Нечестно, что мне сейчас так сложно его найти. Ему наверняка было проще, ведь он каждое утро видел меня в новостях.

Энн подняла меня ни свет ни заря, чтобы выследить Луку, и вот мы здесь, в восемь утра, стоим перед домом, где он вырос. Это бледно-голубое здание с белыми ставнями. На углу парковки стоит почтовый ящик. Интересно, тот самый? Куда падало бесчисленное количество писем, которые я годами присылала на этот адрес?

– Ему было несложно, – говорю я. – Надо было всего лишь найти в Сети мое имя и увидеть прогнозы погоды. Ему не пришлось лететь до Майами, чтобы это выяснить.

– Ну у тебя нет вариантов: приходится действовать так.

– Наверняка это отлично сработает в суде. «Я не виновата, ваша честь: он не дал мне иного выбора, кроме как сталкерить его!»

Энн закатывает глаза.

– Успокойся. Худший вариант – ты получишь запрет на приближение. И я сомневаюсь, что он так поступит. Зачем лезть из кожи вон в поисках тебя, а потом подавать запрос в суд?

Я знаю, что она права, но тяну время.

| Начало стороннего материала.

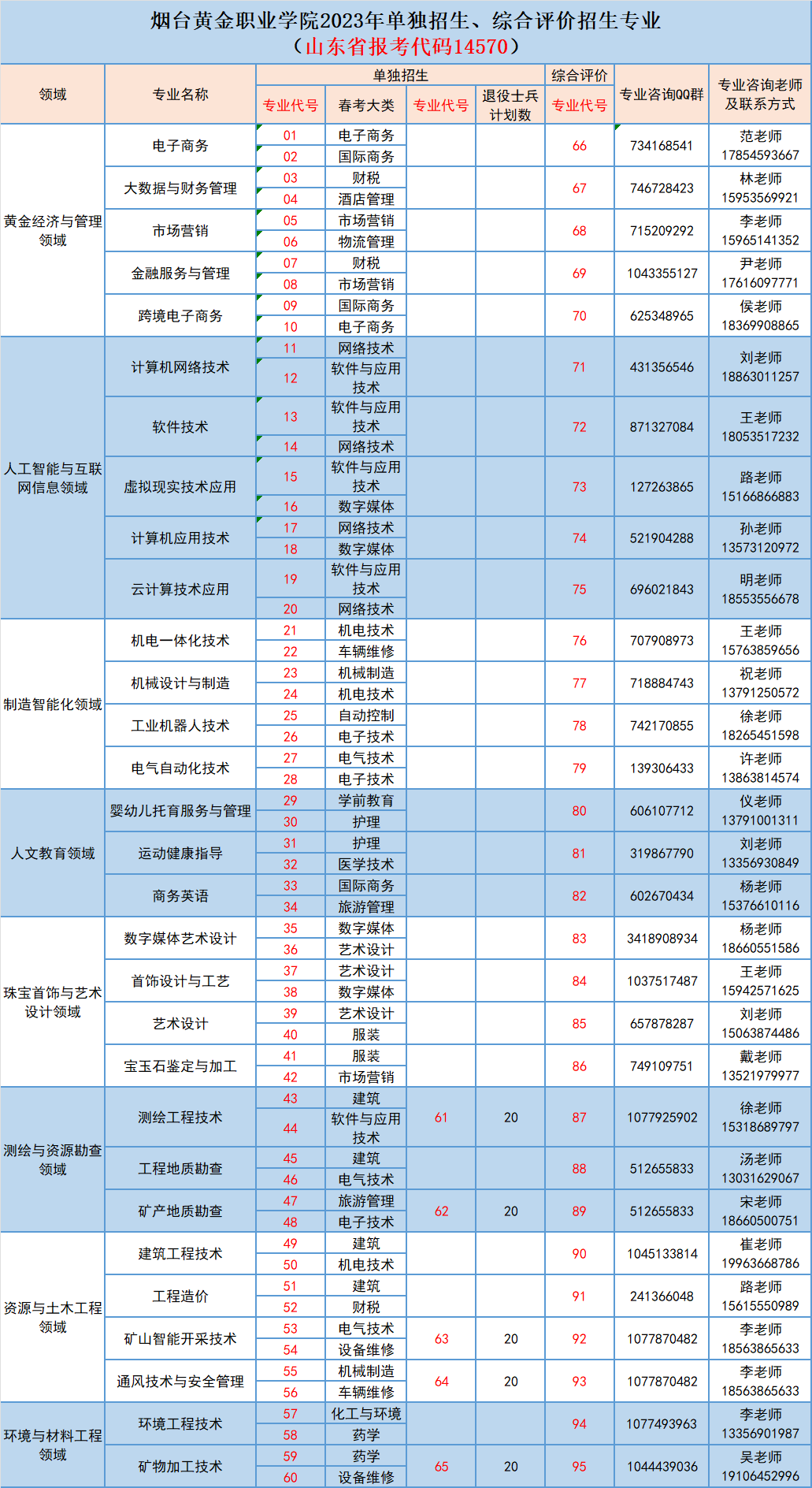 共3道题,每题10分共 30分,考试时间30分钟。题型为问答题,由系统抽取考试题目,学生录制视频后上传到考试系统。五、烟台黄金职业学院单招、综评专业和计划数我院2023年单独招生和综合评价招生计划共2340人,相比省内其他院校我院单招综评招生计划投放较多,录取竞争压力相对较小,请各位考生踊跃报考,烟台黄金职业学院2023年单招综评共有30个招生专业,具体招生专业见下图。
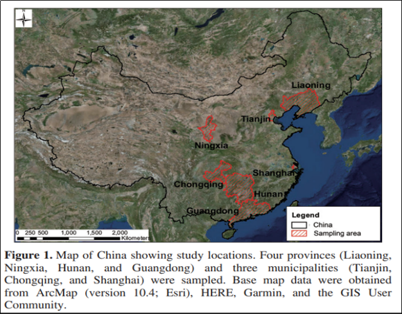图1. 研究地点分布图(研究地点包括辽宁省、宁夏回族自治区、湖南省、广东省、天津市、重庆市以及上海市)
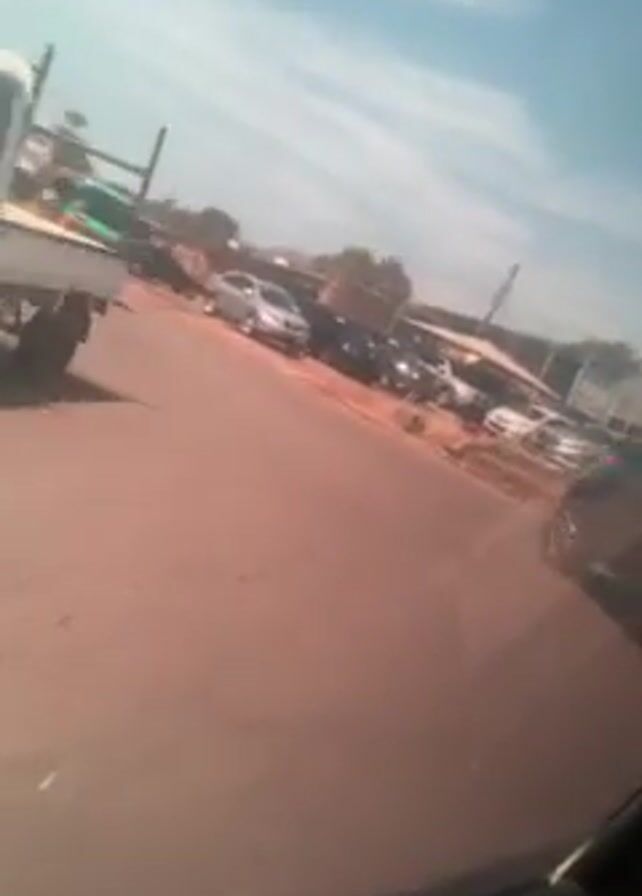 A camera moves from inside a vehicle driving on a road with other cars, scooters, and an auto rickshaw. Buildings are visible on the roadside. The sky is blue with scattered clouds. The sun appears bright.
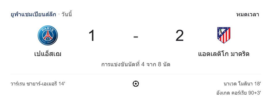 ผลบอลสดยูฟ่าแชมเปียนส์ลีก 2024 ระหว่าง ทีมปารีส แซงต์ แชร์กแมง vs ทีมแอตเลติโก้ มาดริด วันนี้ 7/11/67 ดูบอลย้อนหลัง คลิปไฮไลท์ ดูบอลยูฟ่าแชมเปียนส์ลีก 2024
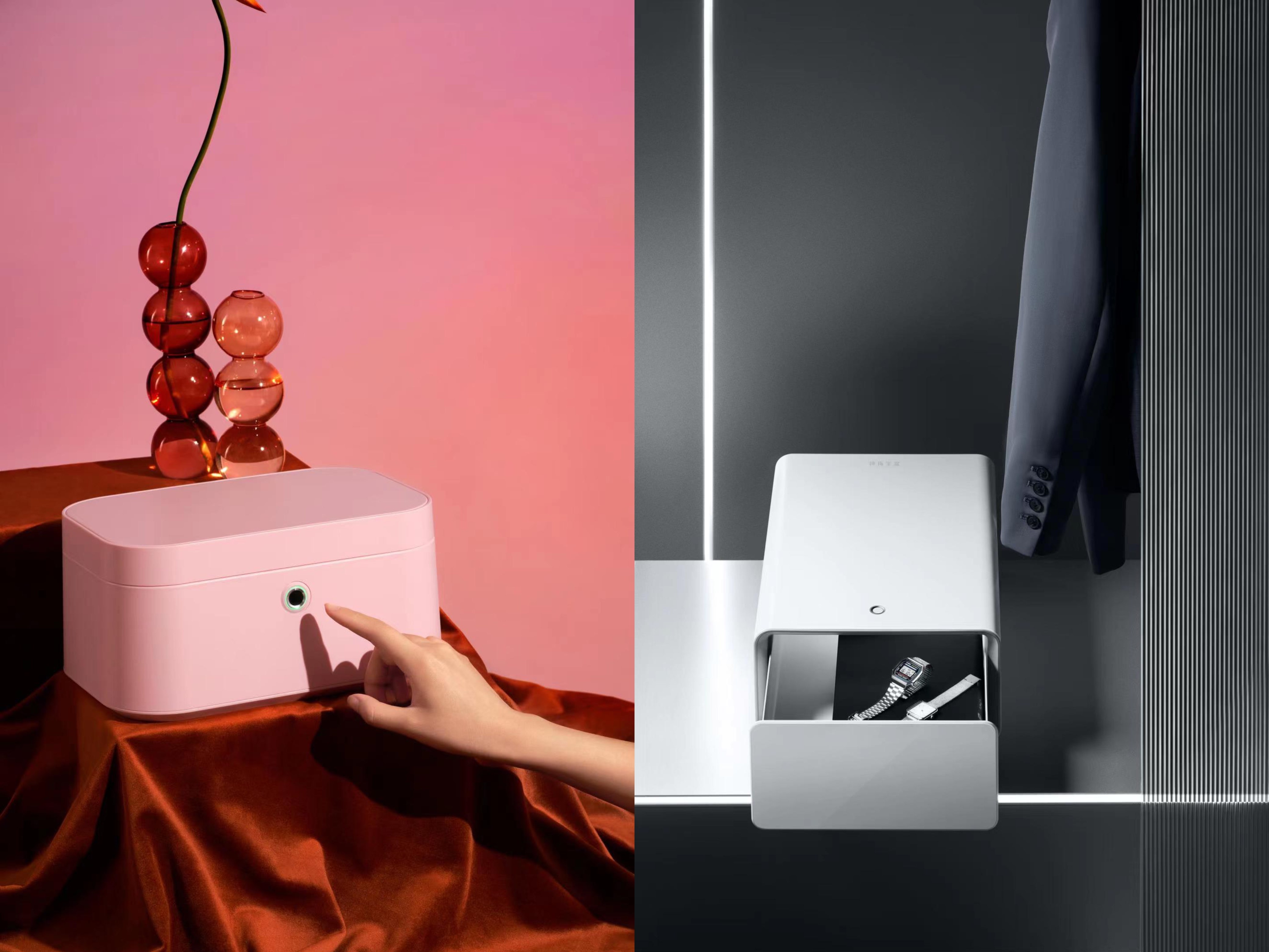 在现场,神指宝盒品牌负责人左希展示了多张产品图片,首饰盒线条流畅,色彩有马卡龙色和复古色调的大胆运用。左希介绍,看起来哑光皮质的表面,其实采用了肤感硅胶消光油工艺,自带轻奢高级感。此外还有金属抽屉形态的指纹保管盒,一体化设计十分简洁,环境适配度高。这个保管盒和首饰盒,都是极简外观,表面只有一个圆形按钮,即指纹锁。
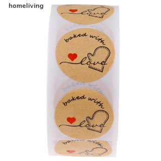Cuộn 500 Miếng Dán Trang Trí Hình Tròn Bằng Giấy Kraft Tự Nhiên In Chữ Baked with Love
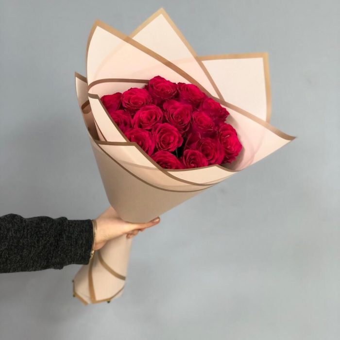 Лента атласная – 1 шт.Матовая пленка – 1 шт.роза кения – 15 шт.
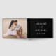 Simple, elegant wedding guest book featuring the couple's names and date displayed in white lettering with the date shown below against a black background. Personalise the spine of the guest book with your names, the date, etc. The back of the modern guest book displays your horizontal engagement photo. The chic black and white wedding guest book is perfect for modern weddings.
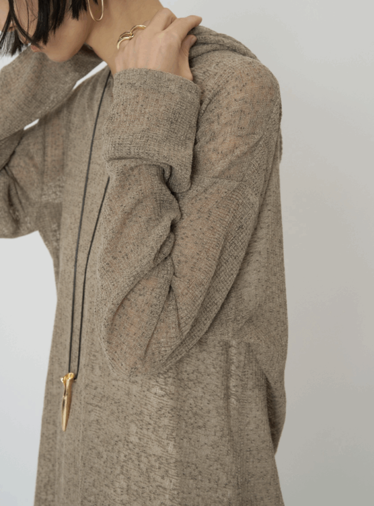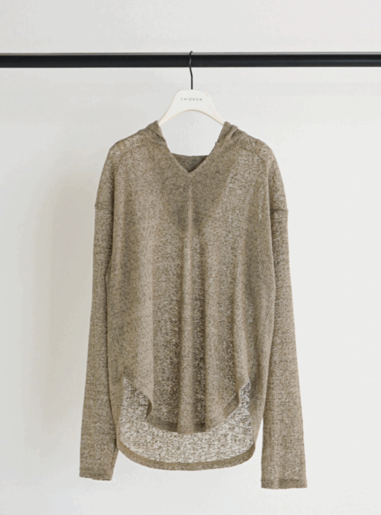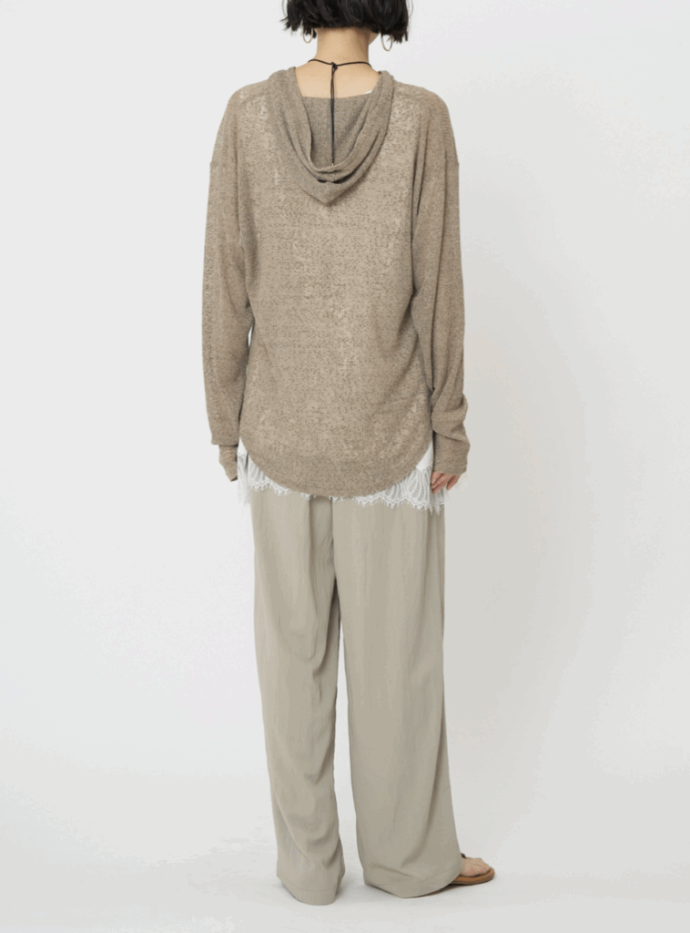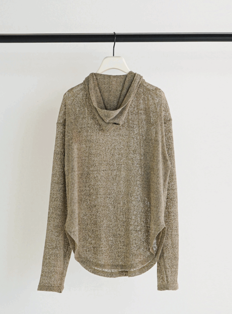 定番のフーディを、少しシアー感のある麻ブレンドのニットソー素材で。
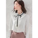 リボンタイ付き 長袖 ブラウス レディースシャツ ホワイト フリル ブラウス スーツ インナー 卒業式 卒園式 就活 女性 通勤 大きいサイズ
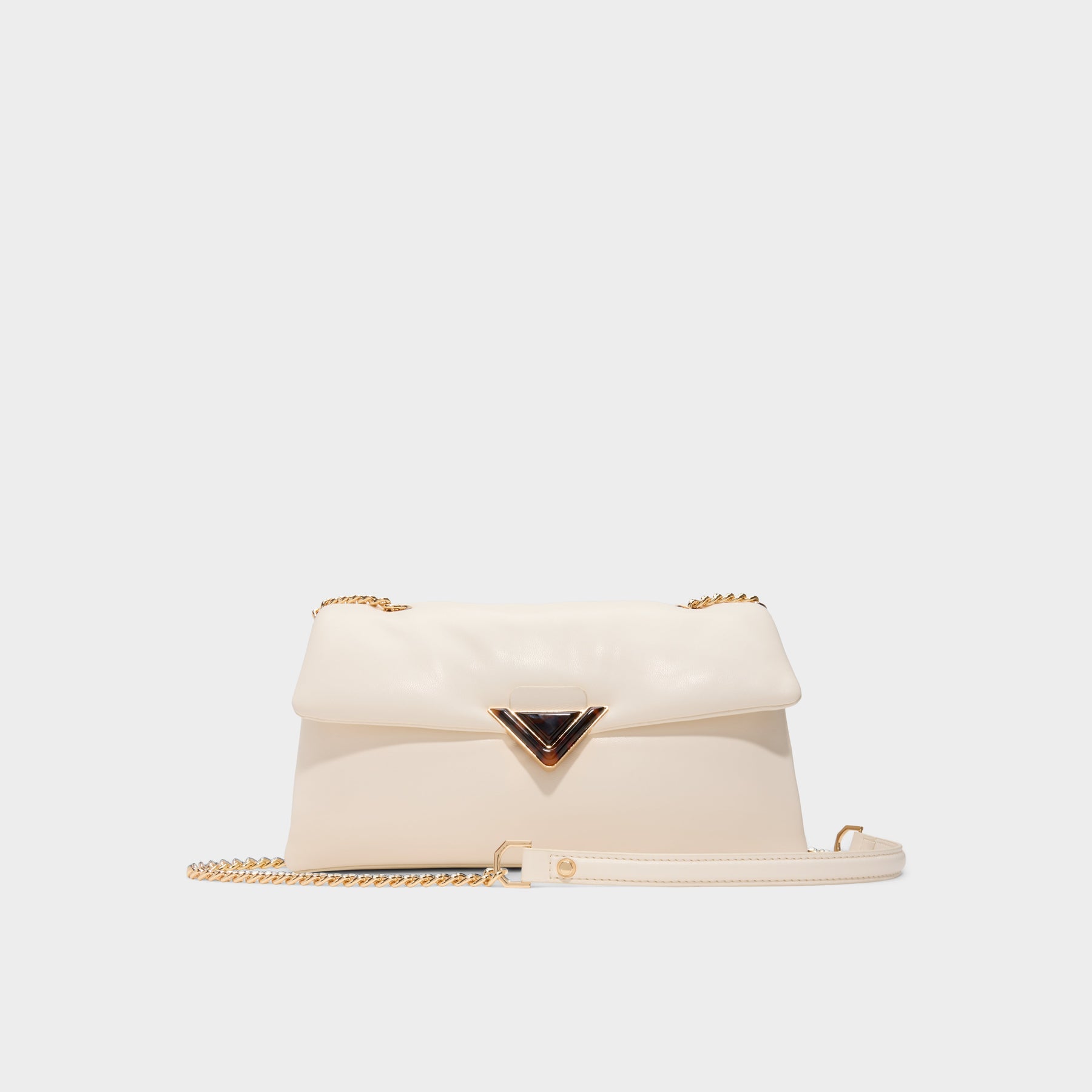 Mala de tiracolo LARGESOFTPUFF para mulher, em branco cru, com fecho magnético, alça comprida e uma textura acolchoada. Pode ser usada como mala de ombro.
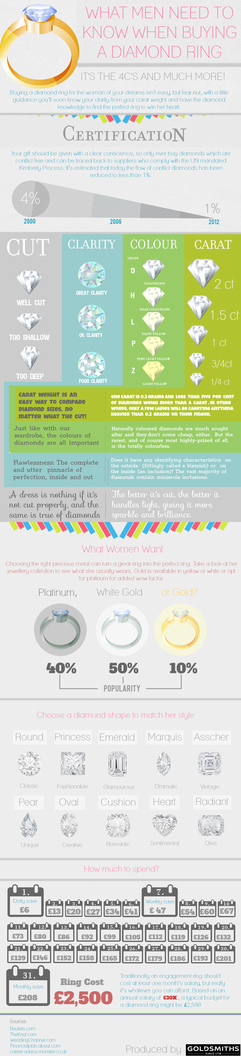 Valentine’s Day is right around the corner. If you are thinking of proposing to your soul-mate on this romantic date, here a little guidance from Goldsmiths. They published an infographic designed by Foundonline which helps guys like us differentiate clarity from carat weight and arm us with diamond knowledge to find the perfect ring! Remember to let us know which metal and cut you eventually go for and how you proposed in the comments section below.
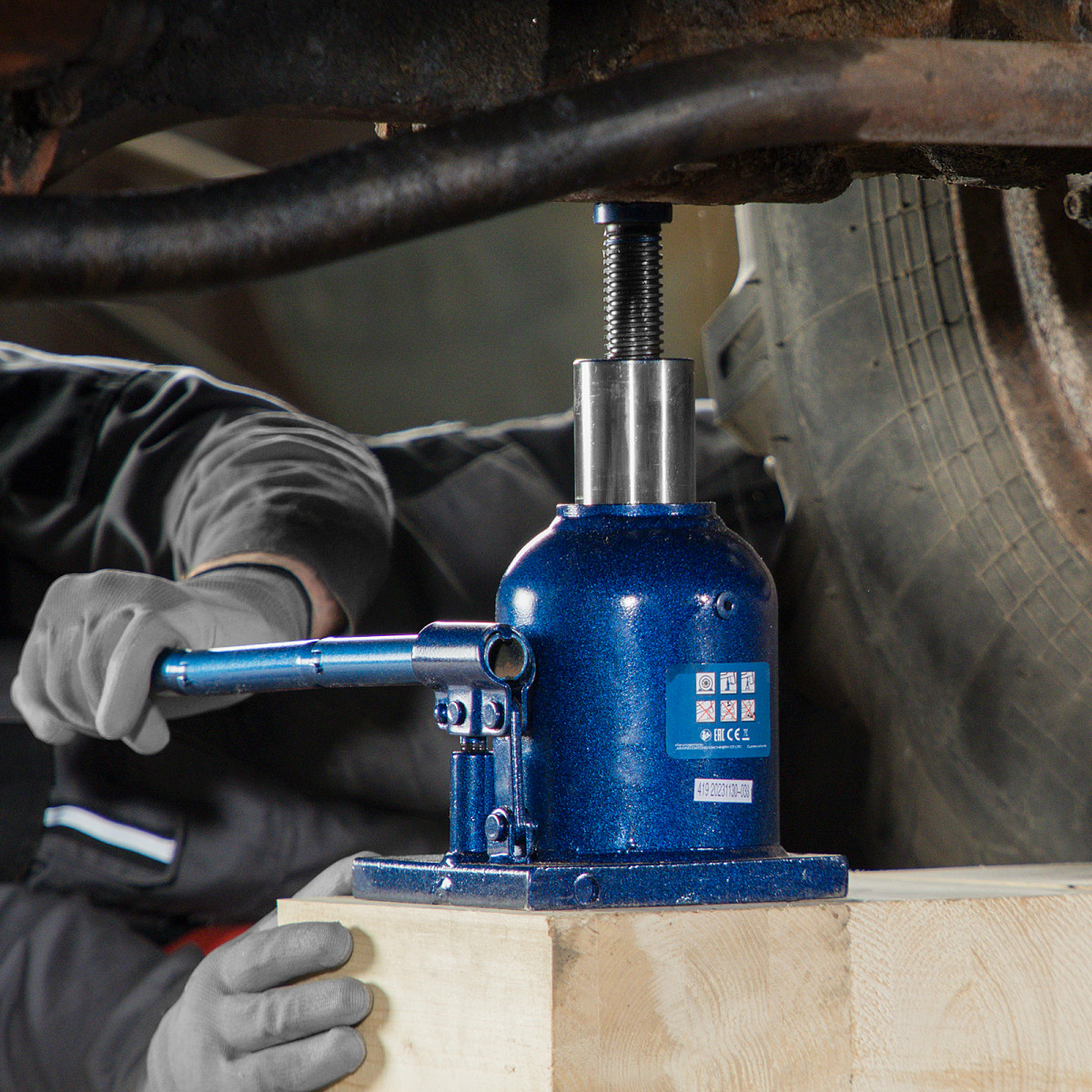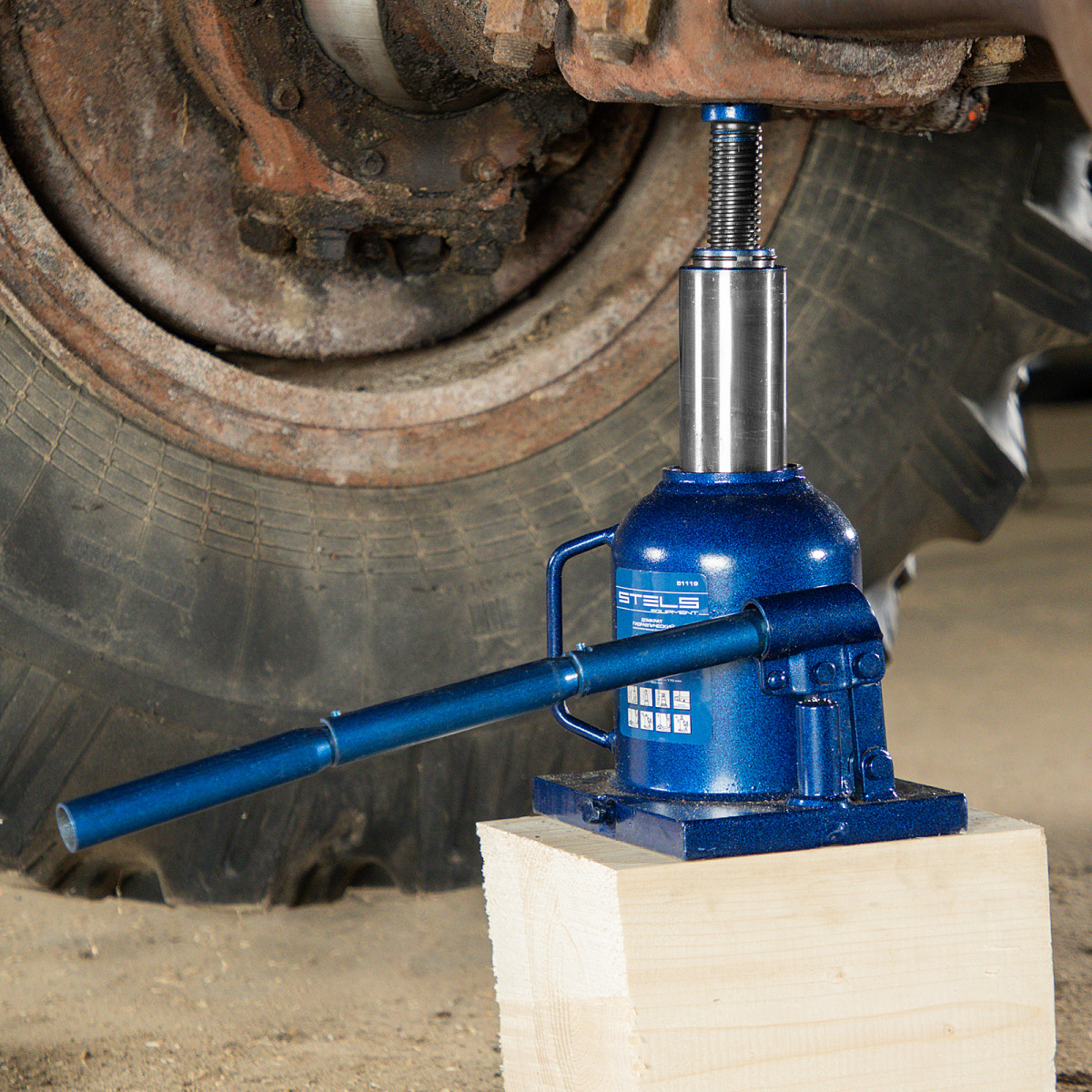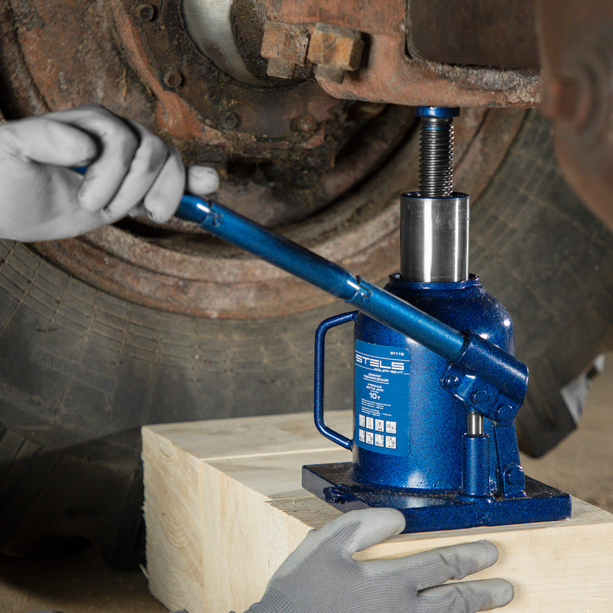 Гидравлический бутылочный телескопический домкрат Stels 51119 используется для поднятия грузов весом до 10 т с на высоту 170-430 мм. Не требует больших усилий и оптимален для автомобилей с большим клиренсом. Домкрат можно использовать в гараже для самостоятельного ремонта машины или в автосервисе для решения профессиональных задач.

Делаю глубокий вдох и еще минуту смотрю на дом. Пытаюсь представить Луку ребенком, выбегающим из входной двери к почтовому ящику, чтобы проверить, нет ли там письма для него. Вот интересно, волновался ли он, как я, проверяя почту? Было время, когда я думала, вдруг он и правда меня ненавидит. Некоторые послания были такими мерзкими и такими личными, что я удивлялась, зачем он вообще утруждает себя перепиской. Иногда он даже угрожал больше мне не писать, но никогда не воплощал эти угрозы в жизнь.

Может, Лука просто рос озлобленным ребенком? Или ему просто нравилось надо мной издеваться? Я представляю, как он, уже постарше, все равно проверяет почту в поисках моих писем. Правда, представить это сложно, ведь я не знаю, как он выглядит. Каждый раз воображаю его по-разному. Иногда у него светлые волосы, иногда каштановые. Иногда он высокий, а иногда низенький.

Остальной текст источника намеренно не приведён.